- Records shown -
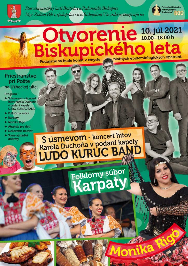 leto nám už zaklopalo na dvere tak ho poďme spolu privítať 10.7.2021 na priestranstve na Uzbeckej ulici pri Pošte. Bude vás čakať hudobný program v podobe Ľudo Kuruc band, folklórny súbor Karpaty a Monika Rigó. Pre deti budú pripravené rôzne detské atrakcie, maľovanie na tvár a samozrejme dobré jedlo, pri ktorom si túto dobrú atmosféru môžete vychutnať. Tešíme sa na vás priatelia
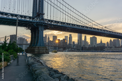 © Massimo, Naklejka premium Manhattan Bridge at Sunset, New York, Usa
==
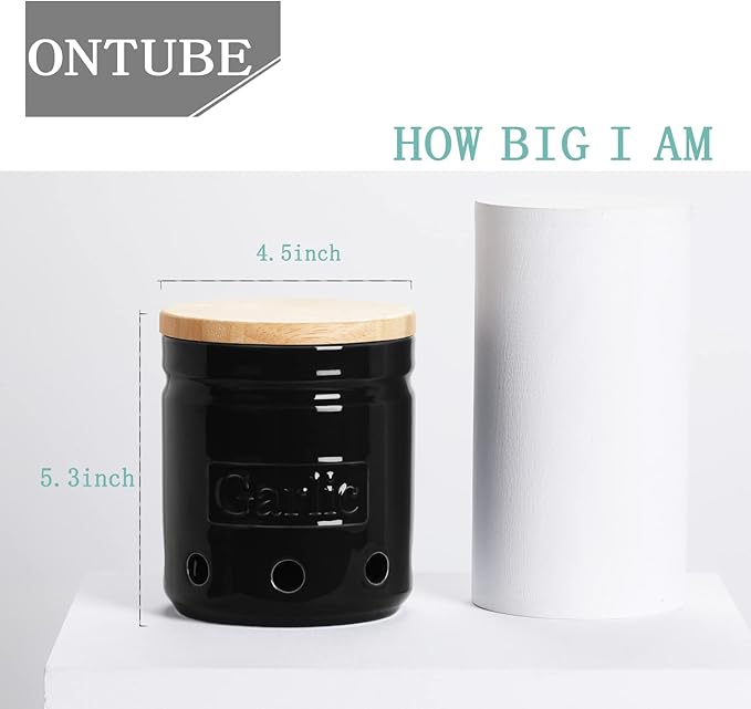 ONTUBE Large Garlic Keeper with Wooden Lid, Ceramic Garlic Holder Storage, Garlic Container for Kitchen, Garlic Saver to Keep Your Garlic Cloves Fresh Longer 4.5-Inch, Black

- Task to complete -
Of all the material above, only the lines from the one that has "leto nám už" down to the one that has "New York, Usa" are to be written out, exactly and with both ends included. Pictures are skipped.

- Solution for this task -
 leto nám už zaklopalo na dvere tak ho poďme spolu privítať 10.7.2021 na priestranstve na Uzbeckej ulici pri Pošte. Bude vás čakať hudobný program v podobe Ľudo Kuruc band, folklórny súbor Karpaty a Monika Rigó. Pre deti budú pripravené rôzne detské atrakcie, maľovanie na tvár a samozrejme dobré jedlo, pri ktorom si túto dobrú atmosféru môžete vychutnať. Tešíme sa na vás priatelia
 © Massimo, Naklejka premium Manhattan Bridge at Sunset, New York, Usa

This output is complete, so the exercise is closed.